**INSTRUCTIONS FOR THE TASK:** What is needed is a faithful transcription of all the data below, pictures excluded.

**EXERCISE DATA:**
Start of Block
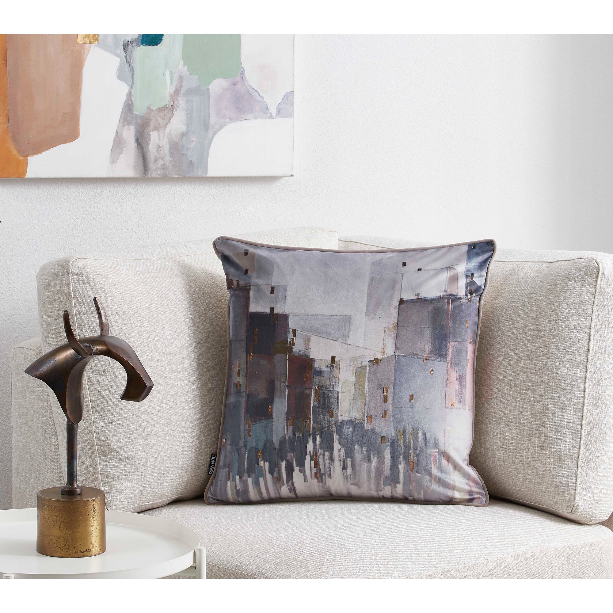 The bustling energy of city streets is captured and transported to the contemporary living space through this pillow design. While the muted tones are pleasing to the eye, the soft feel of velvet is pleasing to the touch. Set solo or paired with solid-colored accent throw cushions, it completes the stylish appeal of the interior as a whole.
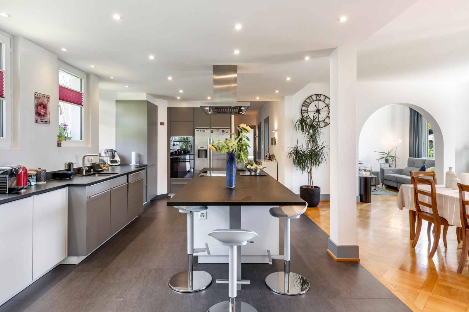 Suddiviso in tre appartamenti indipendenti (1 di 4,5 locali, 1 di 3,5 locali e 1 di 2,5 locali), offre un ottimo potenziale di sviluppo con, in aggiunta, una camera da letto aggiuntiva e un ufficio. Ideale per una famiglia multigenerazionale, un investitore o una residenza principale con reddito da locazione. Attualmente l'appartamento di 4,5 locali è occupato dai proprietari, mentre gli altri due appartamenti sono affittati (contratti di locazione disponibili su richiesta).
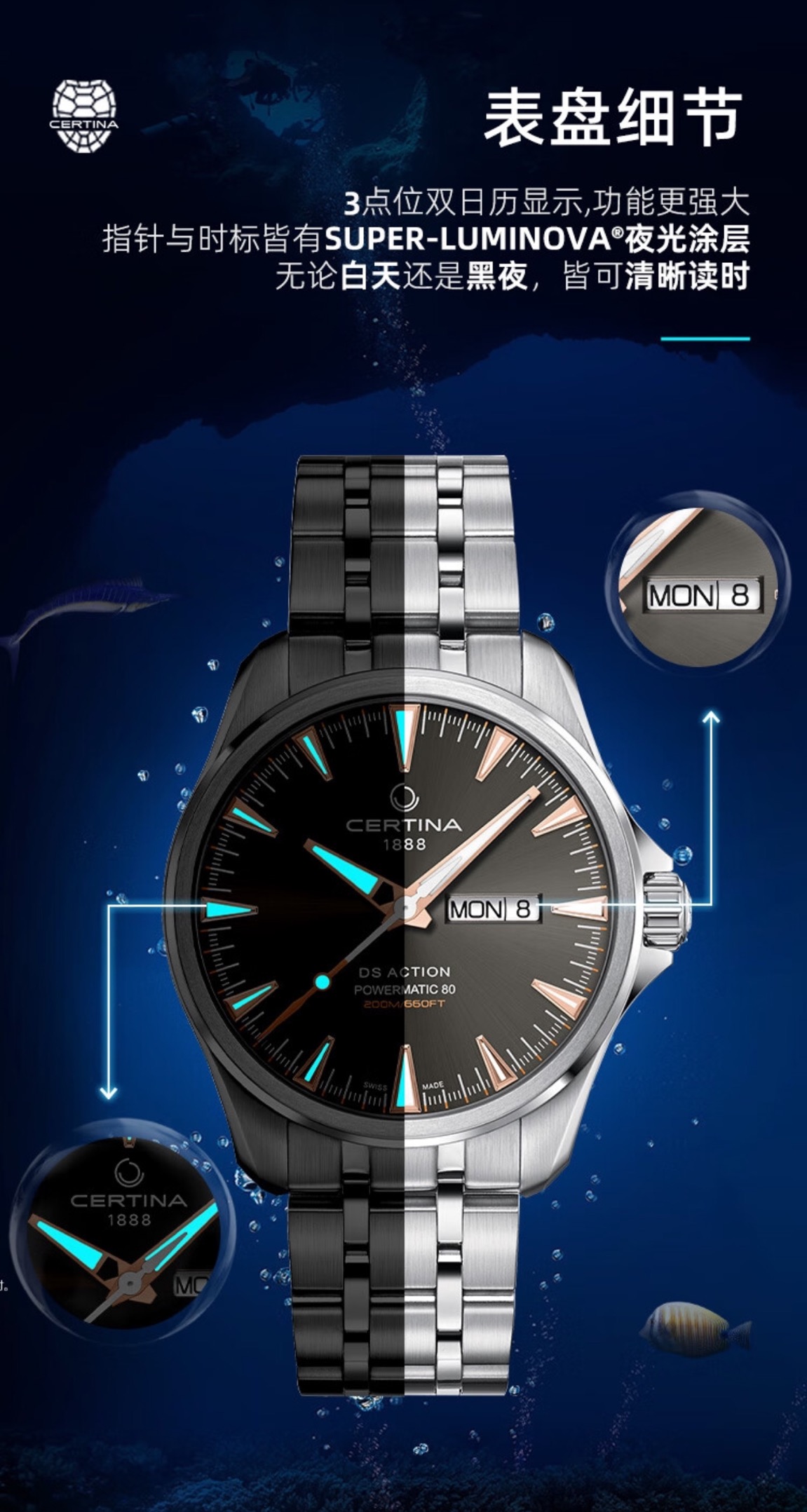 CERTINA雪铁纳瑞表 棕色表盘 动能系列机械手表 表径41毫米潮流双历商务男表 自动机械机芯 C032.430.11.081.01 专柜售价5900 全新全套全国联保近期保卡
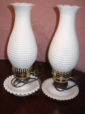 VINTAGE PAIR (2) OF MILK GLASS HOB NAIL LAMPS WITH KEY
End of Block
**WRITTEN RESPONSE:**
 The bustling energy of city streets is captured and transported to the contemporary living space through this pillow design. While the muted tones are pleasing to the eye, the soft feel of velvet is pleasing to the touch. Set solo or paired with solid-colored accent throw cushions, it completes the stylish appeal of the interior as a whole.
 Suddiviso in tre appartamenti indipendenti (1 di 4,5 locali, 1 di 3,5 locali e 1 di 2,5 locali), offre un ottimo potenziale di sviluppo con, in aggiunta, una camera da letto aggiuntiva e un ufficio. Ideale per una famiglia multigenerazionale, un investitore o una residenza principale con reddito da locazione. Attualmente l'appartamento di 4,5 locali è occupato dai proprietari, mentre gli altri due appartamenti sono affittati (contratti di locazione disponibili su richiesta).
 CERTINA雪铁纳瑞表 棕色表盘 动能系列机械手表 表径41毫米潮流双历商务男表 自动机械机芯 C032.430.11.081.01 专柜售价5900 全新全套全国联保近期保卡
 VINTAGE PAIR (2) OF MILK GLASS HOB NAIL LAMPS WITH KEY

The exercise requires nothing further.